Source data
------------

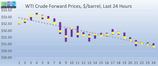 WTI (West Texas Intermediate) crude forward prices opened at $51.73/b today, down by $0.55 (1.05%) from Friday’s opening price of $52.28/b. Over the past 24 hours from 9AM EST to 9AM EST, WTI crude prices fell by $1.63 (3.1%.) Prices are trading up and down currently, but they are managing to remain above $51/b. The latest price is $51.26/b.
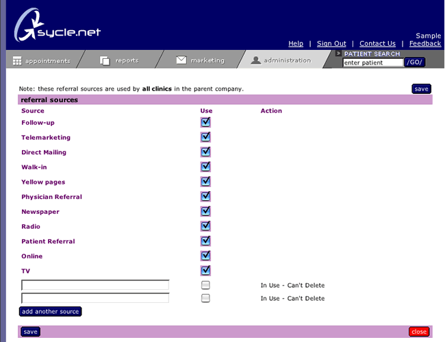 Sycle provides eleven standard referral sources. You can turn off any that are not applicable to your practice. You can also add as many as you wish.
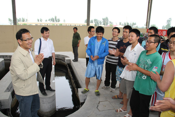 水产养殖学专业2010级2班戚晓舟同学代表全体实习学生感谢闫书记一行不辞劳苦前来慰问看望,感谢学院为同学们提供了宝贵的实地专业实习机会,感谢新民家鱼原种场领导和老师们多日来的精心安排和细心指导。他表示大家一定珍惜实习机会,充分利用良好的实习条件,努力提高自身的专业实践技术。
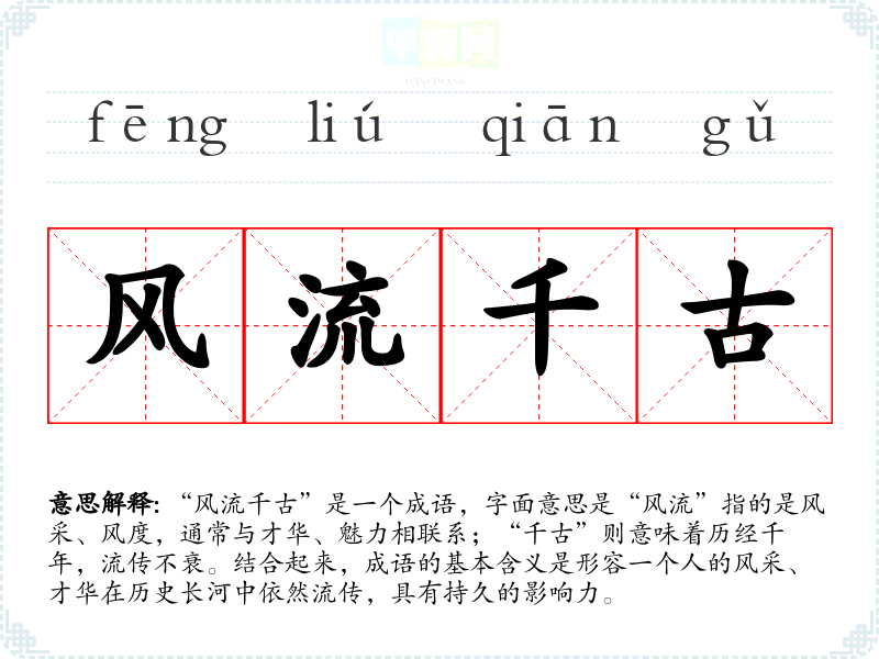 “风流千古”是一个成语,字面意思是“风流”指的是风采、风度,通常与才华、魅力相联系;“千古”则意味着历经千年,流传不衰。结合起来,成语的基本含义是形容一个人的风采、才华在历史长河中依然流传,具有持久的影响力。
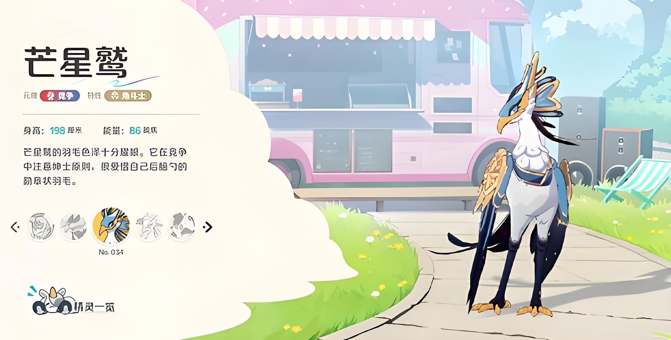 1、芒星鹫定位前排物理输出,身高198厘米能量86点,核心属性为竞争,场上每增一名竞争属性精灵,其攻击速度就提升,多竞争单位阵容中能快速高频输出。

------------

● **TASK INSTRUCTIONS**
Repeat the records in full, precisely, and keep the pictures out.

● **RESPONSE TO THIS TASK**
 WTI (West Texas Intermediate) crude forward prices opened at $51.73/b today, down by $0.55 (1.05%) from Friday’s opening price of $52.28/b. Over the past 24 hours from 9AM EST to 9AM EST, WTI crude prices fell by $1.63 (3.1%.) Prices are trading up and down currently, but they are managing to remain above $51/b. The latest price is $51.26/b.
 Sycle provides eleven standard referral sources. You can turn off any that are not applicable to your practice. You can also add as many as you wish.
 水产养殖学专业2010级2班戚晓舟同学代表全体实习学生感谢闫书记一行不辞劳苦前来慰问看望,感谢学院为同学们提供了宝贵的实地专业实习机会,感谢新民家鱼原种场领导和老师们多日来的精心安排和细心指导。他表示大家一定珍惜实习机会,充分利用良好的实习条件,努力提高自身的专业实践技术。
 “风流千古”是一个成语,字面意思是“风流”指的是风采、风度,通常与才华、魅力相联系;“千古”则意味着历经千年,流传不衰。结合起来,成语的基本含义是形容一个人的风采、才华在历史长河中依然流传,具有持久的影响力。
 1、芒星鹫定位前排物理输出,身高198厘米能量86点,核心属性为竞争,场上每增一名竞争属性精灵,其攻击速度就提升,多竞争单位阵容中能快速高频输出。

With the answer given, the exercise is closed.